* [TASK]:
Restate word for word the lines below from the one that has "on a acheté" through the one that has "La protesta de", keeping both and dropping all pictures.

* [RECORD SET]:

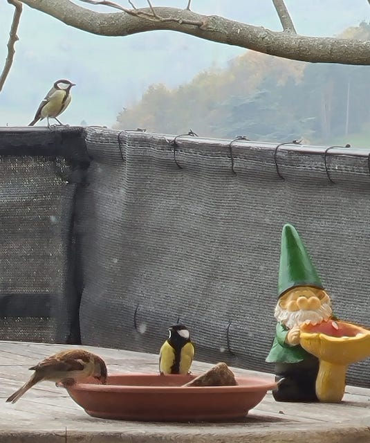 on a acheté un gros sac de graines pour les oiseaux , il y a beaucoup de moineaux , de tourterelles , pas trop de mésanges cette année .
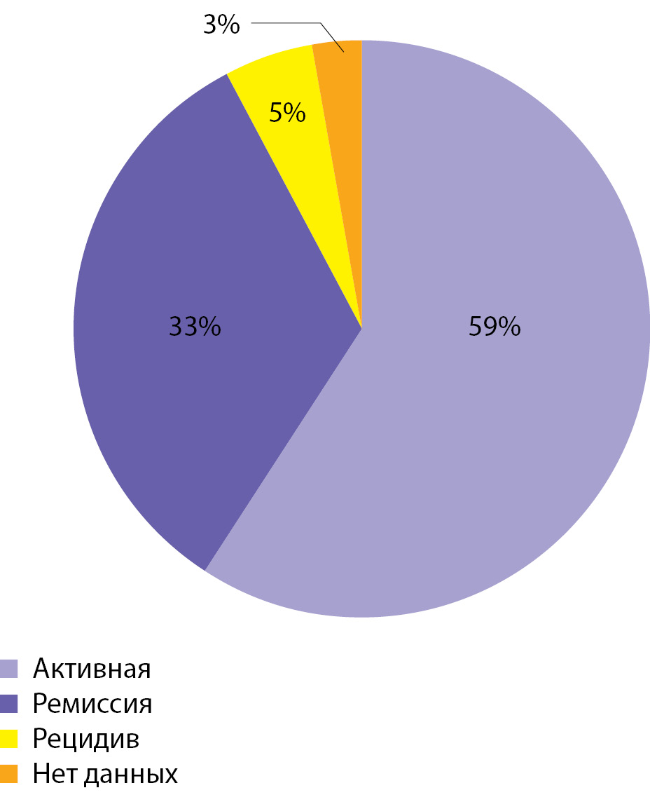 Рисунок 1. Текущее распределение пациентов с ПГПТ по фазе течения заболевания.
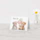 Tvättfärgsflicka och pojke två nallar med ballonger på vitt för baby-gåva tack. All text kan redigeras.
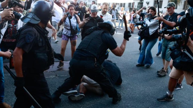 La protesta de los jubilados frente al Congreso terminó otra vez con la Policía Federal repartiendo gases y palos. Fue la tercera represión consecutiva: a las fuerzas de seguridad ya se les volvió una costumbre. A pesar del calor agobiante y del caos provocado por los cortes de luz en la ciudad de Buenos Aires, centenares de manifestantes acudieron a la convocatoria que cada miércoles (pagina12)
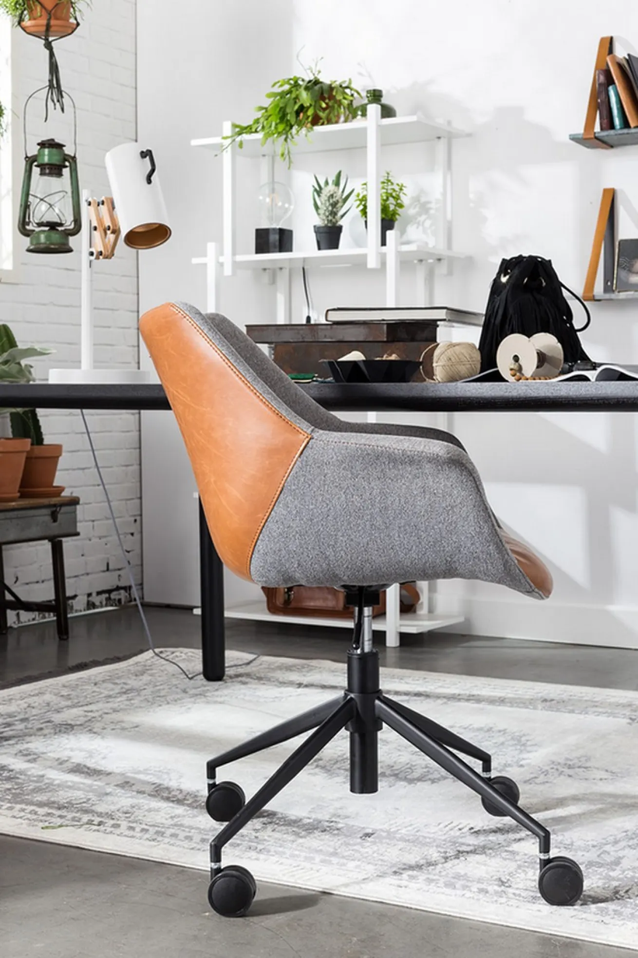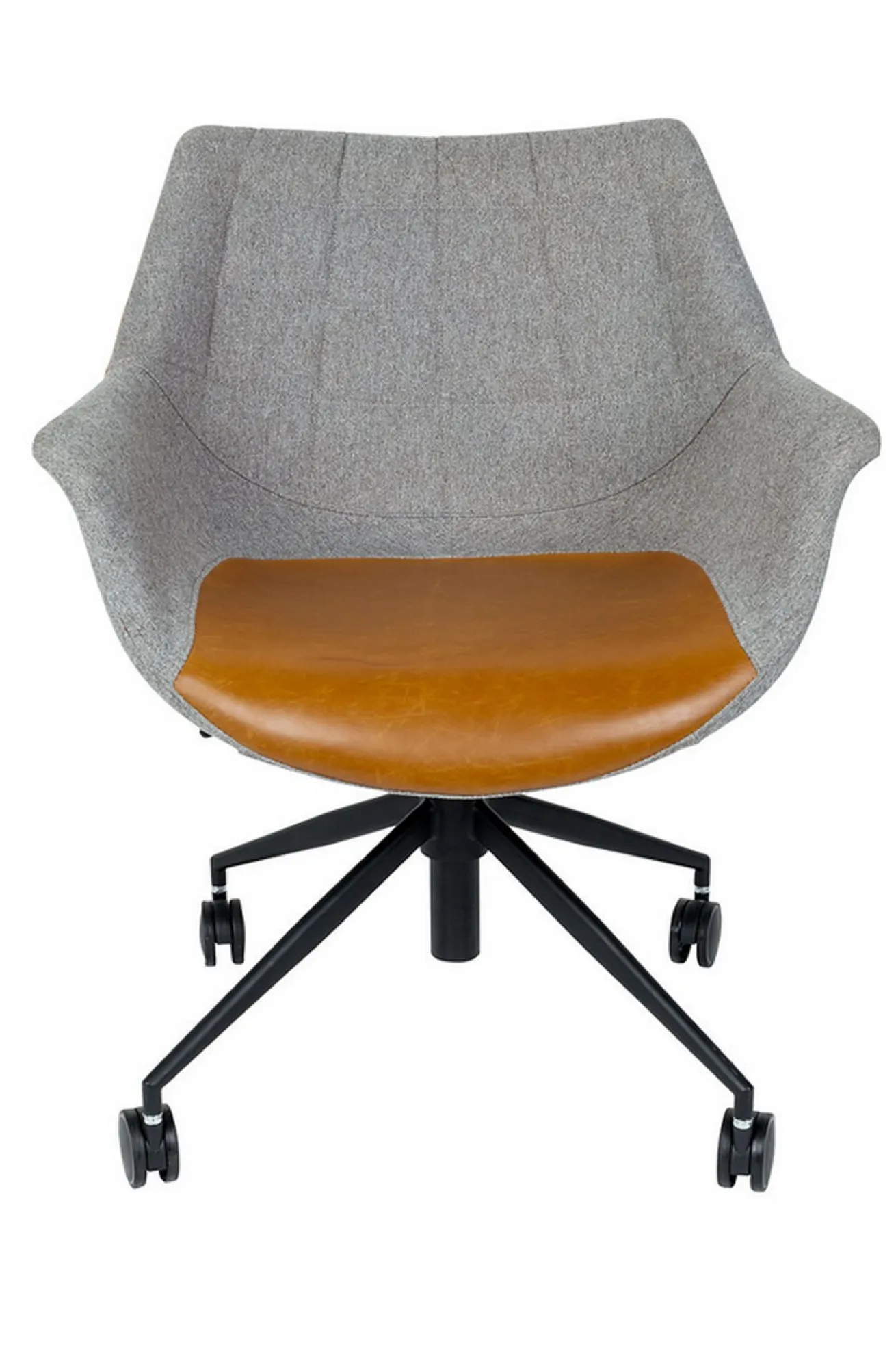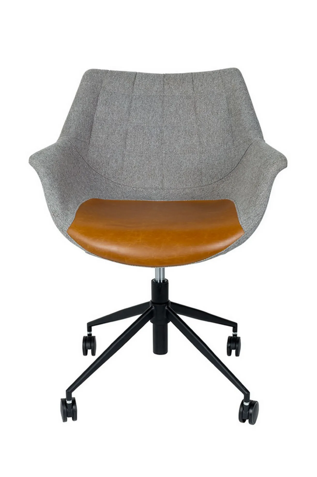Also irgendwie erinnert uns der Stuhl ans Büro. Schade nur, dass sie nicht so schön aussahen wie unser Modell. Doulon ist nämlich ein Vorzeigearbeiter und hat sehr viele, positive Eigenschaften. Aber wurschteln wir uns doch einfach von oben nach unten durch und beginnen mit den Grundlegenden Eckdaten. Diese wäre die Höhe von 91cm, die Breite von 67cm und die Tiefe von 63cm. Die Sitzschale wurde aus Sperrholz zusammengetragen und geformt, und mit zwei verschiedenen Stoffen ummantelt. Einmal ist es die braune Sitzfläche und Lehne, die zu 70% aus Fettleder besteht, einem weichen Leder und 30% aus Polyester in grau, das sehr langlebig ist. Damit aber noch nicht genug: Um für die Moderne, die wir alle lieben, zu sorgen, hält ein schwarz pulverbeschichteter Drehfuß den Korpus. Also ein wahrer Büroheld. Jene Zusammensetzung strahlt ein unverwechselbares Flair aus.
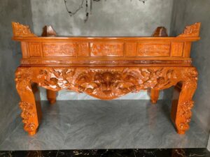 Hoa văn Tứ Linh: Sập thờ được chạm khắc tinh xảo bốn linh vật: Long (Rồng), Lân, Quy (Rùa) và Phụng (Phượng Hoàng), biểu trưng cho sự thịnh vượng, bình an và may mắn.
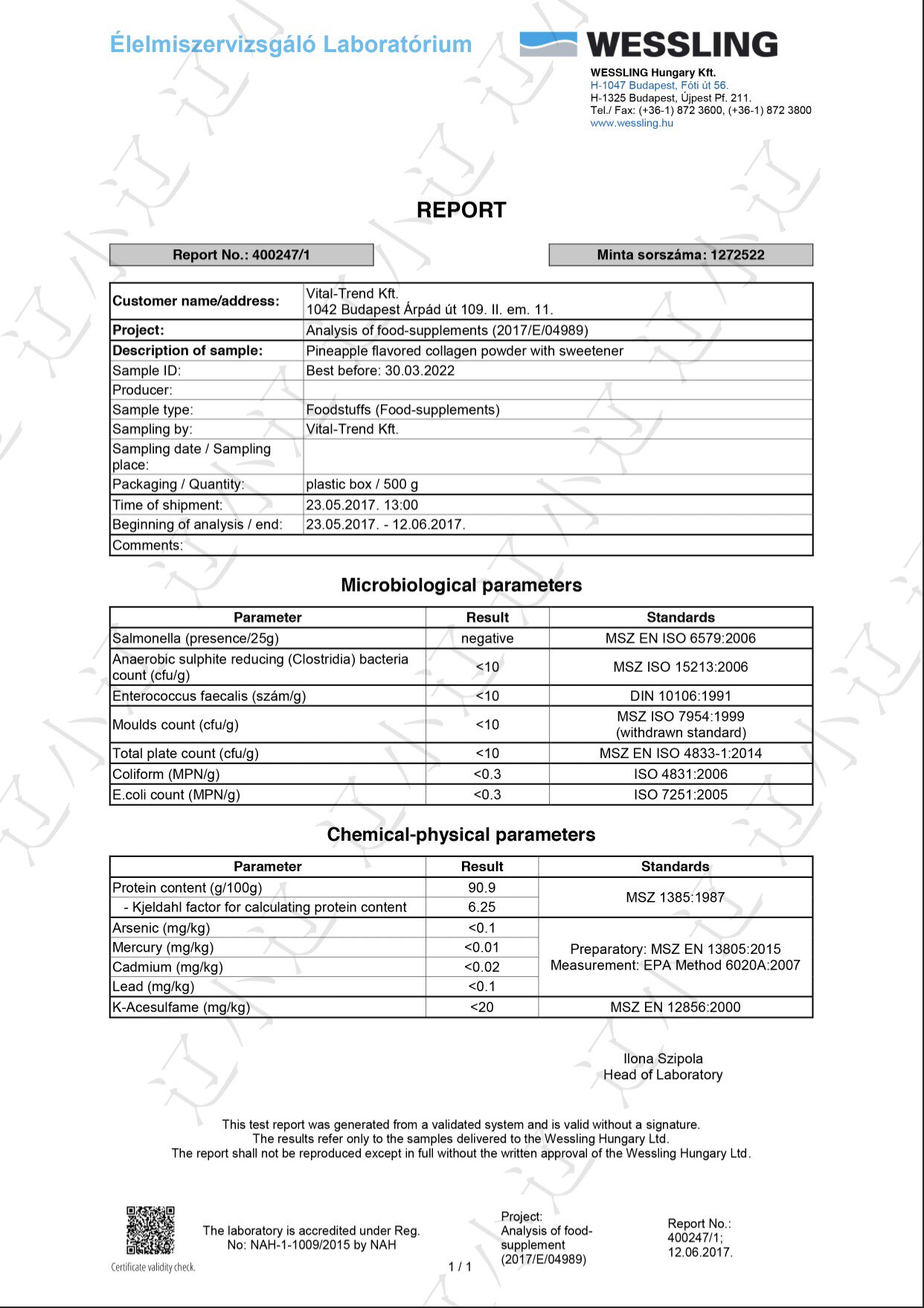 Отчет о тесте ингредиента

* * *

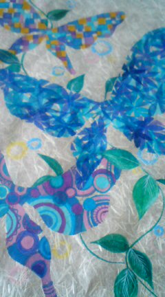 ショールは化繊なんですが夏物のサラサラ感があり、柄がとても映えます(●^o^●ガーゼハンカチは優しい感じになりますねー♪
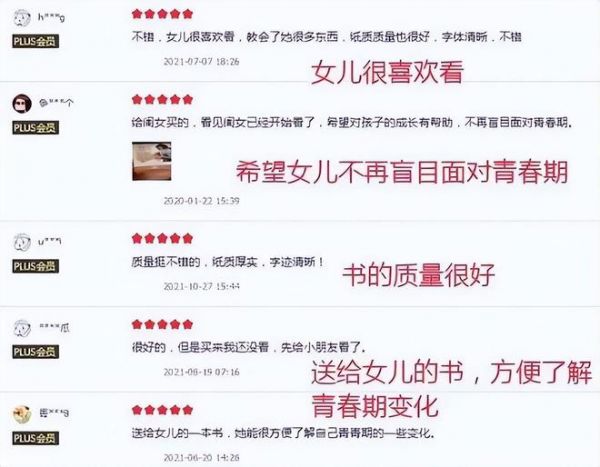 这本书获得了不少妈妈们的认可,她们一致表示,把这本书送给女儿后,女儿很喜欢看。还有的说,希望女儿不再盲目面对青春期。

* [RESPONSE FOR THIS EXERCISE]:
 on a acheté un gros sac de graines pour les oiseaux , il y a beaucoup de moineaux , de tourterelles , pas trop de mésanges cette année .
 Рисунок 1. Текущее распределение пациентов с ПГПТ по фазе течения заболевания.
 Tvättfärgsflicka och pojke två nallar med ballonger på vitt för baby-gåva tack. All text kan redigeras.
 La protesta de los jubilados frente al Congreso terminó otra vez con la Policía Federal repartiendo gases y palos. Fue la tercera represión consecutiva: a las fuerzas de seguridad ya se les volvió una costumbre. A pesar del calor agobiante y del caos provocado por los cortes de luz en la ciudad de Buenos Aires, centenares de manifestantes acudieron a la convocatoria que cada miércoles (pagina12)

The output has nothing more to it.